В залитой солнцем кухне на столе стояли большие чашки из толстого белого фаянса с красной каймой, полные дымящегося кофе, аромат которого, смешиваясь с запахом поджаренного хлеба, щекотал Леа ноздри.
– Присаживайтесь поесть. Не то остынет. Как и вчера, масла нет, но есть джем из айвы. Пальчики оближешь.
– Как спала наша подруга? – справился Франсуа.
– Очень хорошо. Она только сейчас проснулась, и я дала ей капли. Улыбнулась мне и сразу же снова уснула.
– Не знаю, как вас и благодарить, мадам, за все, что вы для нас сделали.
– Что вы! Это пустяки. Вот если останетесь на несколько дней, я попрошу вас принять участие в расходах. Увы, я не богата.
– Мадам, это само собой, разумеется, – сказала, пережевывая ломоть хлеба с джемом, Леа.
– Вы слушали последние известия? – спросил Франсуа Тавернье, показывая на пузатый радиоприемник, царивший на комоде среди семейных фотографий, букета роз в синей вазе и крупных обточенных снарядов времен первой мировой.
– Нет, побоялась его включать, чтобы не переполошить весь дом. Его звук плохо регулируется.
– Погляжу, не удастся ли мне его починить.
– Вы разбираетесь в радиоприемниках?
– Немного.
– Где бы я могла привести себя в порядок? – спросила Леа.
– Наверху, рядом с моей комнатой.

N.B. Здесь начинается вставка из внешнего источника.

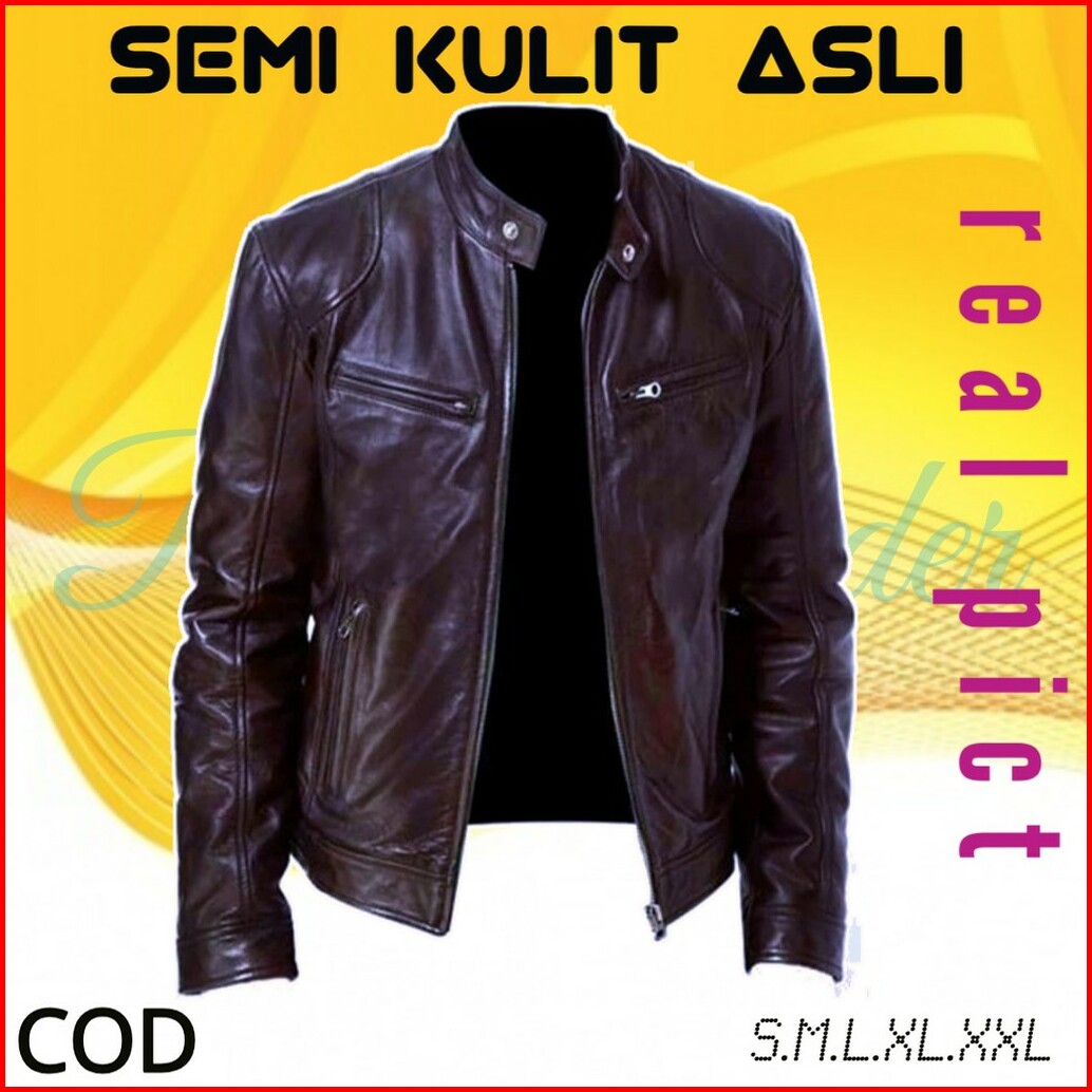 C O D Jaket Pria Kulit Asli Original Pundak Semi Kulit Sintetis Terbaru

Там не очень удобно, простая ванная. Я повесила чистые полотенца. Вот, возьмите эту грелку с кипятком. Там нет водопровода. Ваш муж уже отнес ваши вещи.
– Он не мой муж! – воскликнула Леа с силой, вызвавшей удивление мадам Трийо.
– Простите, мне так показалось.
Доктор Рулан зашел снова в одиннадцать часов. Его приятно удивило состояние здоровья пациентки. Умытая и причесанная Камилла, лежа на подушках, уже не выглядела такой измученной, как вчера. Только глаза в темных кругах да усталый взгляд свидетельствовали о ее страданиях.
– Я вами очень доволен, – сказал врач, прослушав ее. – Все менее серьезно, чем я опасался. Однако вам совсем нельзя двигаться. Я пришлю к вам сестру-сиделку, она будет вам делать уколы, которые я пропишу. Подлечитесь и скоро поправитесь.
– Когда мы сможем снова двинуться в путь?
– Пока об этом нечего и думать.
– Но, доктор…
– Никаких "но". Или покой, или гибель вашего ребенка, а, может, и ваша. Чудо уже то, что вы его не потеряли. Потерпите, ждать вам осталось не больше двух месяцев.
Доктор Рулан вновь спустился на кухню, чтобы выписать рецепты. В большой комнате шумели многочисленные парижские родственники, помогавшие хозяйке готовить обед, и рассказывающие в который раз о перипетиях поездки или смотревшие, как Франсуа Тавернье возится с приемником.
– Думаю, теперь он заработает.
После потрескивания стал слышен голос:
– К вам обращается маршал Петен.
В комнате все смолкли. Была половина первого дня 17 июня 1940 года.